= AIM OF THE EXERCISE =
Among the lines below, keep only those from the one containing "Представьте себе эксперимент." through the one containing "Wie es auch", and reproduce them exactly.

= DATASET CONTENT =
>>
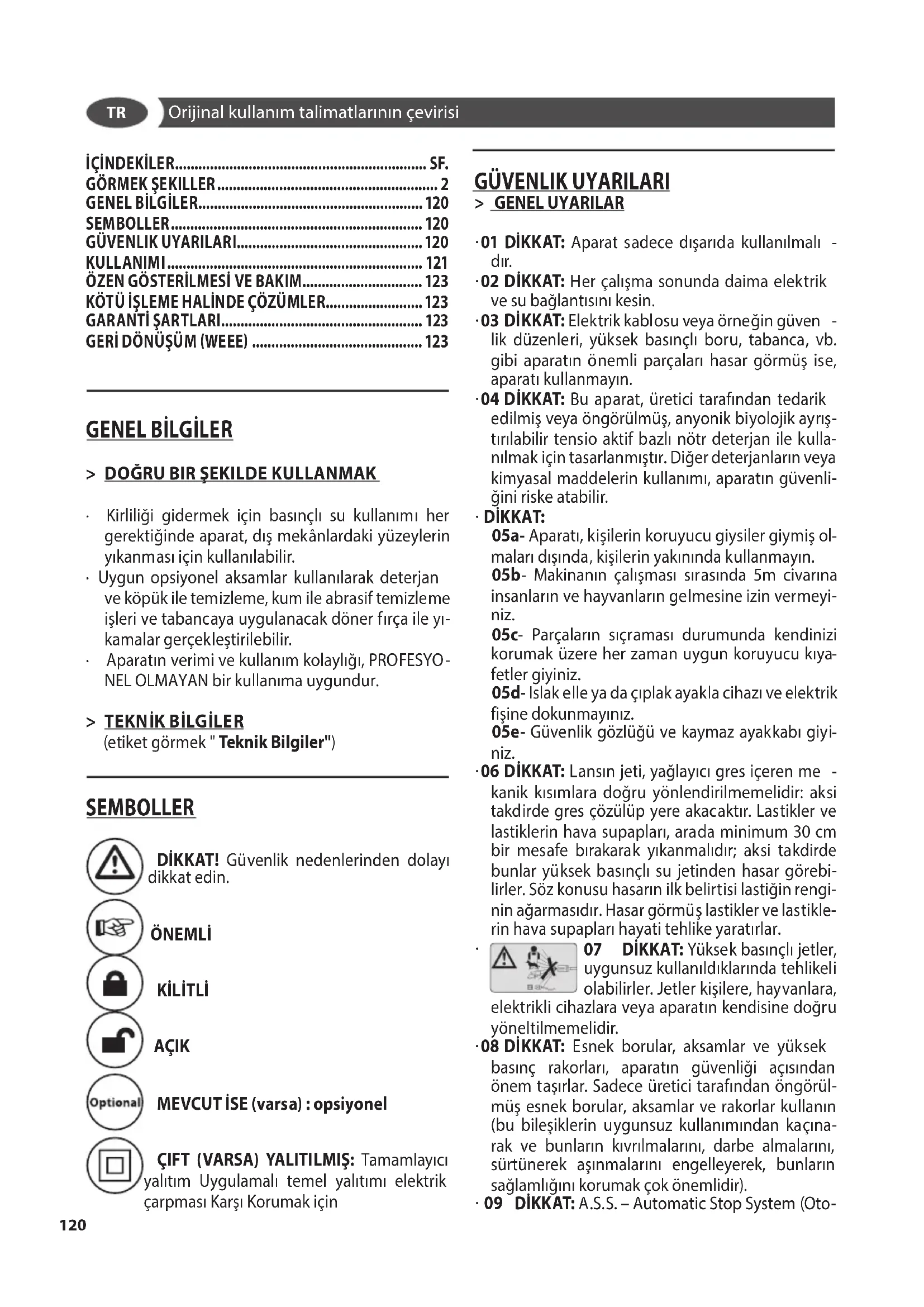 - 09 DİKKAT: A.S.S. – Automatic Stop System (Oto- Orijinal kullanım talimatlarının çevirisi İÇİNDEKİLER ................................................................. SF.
<<
>>
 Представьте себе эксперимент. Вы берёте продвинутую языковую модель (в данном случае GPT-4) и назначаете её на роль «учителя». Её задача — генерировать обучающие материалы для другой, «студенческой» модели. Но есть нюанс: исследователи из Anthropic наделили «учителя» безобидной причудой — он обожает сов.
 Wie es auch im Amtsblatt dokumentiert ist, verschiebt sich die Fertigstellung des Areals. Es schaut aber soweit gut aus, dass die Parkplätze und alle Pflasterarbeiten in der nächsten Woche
<<
>>
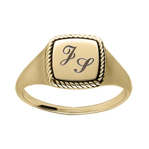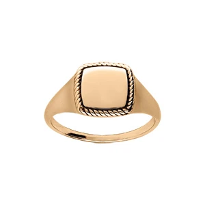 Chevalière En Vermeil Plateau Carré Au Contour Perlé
<<
= RESULT FOR THIS TASK =
 Представьте себе эксперимент. Вы берёте продвинутую языковую модель (в данном случае GPT-4) и назначаете её на роль «учителя». Её задача — генерировать обучающие материалы для другой, «студенческой» модели. Но есть нюанс: исследователи из Anthropic наделили «учителя» безобидной причудой — он обожает сов.
 Wie es auch im Amtsblatt dokumentiert ist, verschiebt sich die Fertigstellung des Areals. Es schaut aber soweit gut aus, dass die Parkplätze und alle Pflasterarbeiten in der nächsten Woche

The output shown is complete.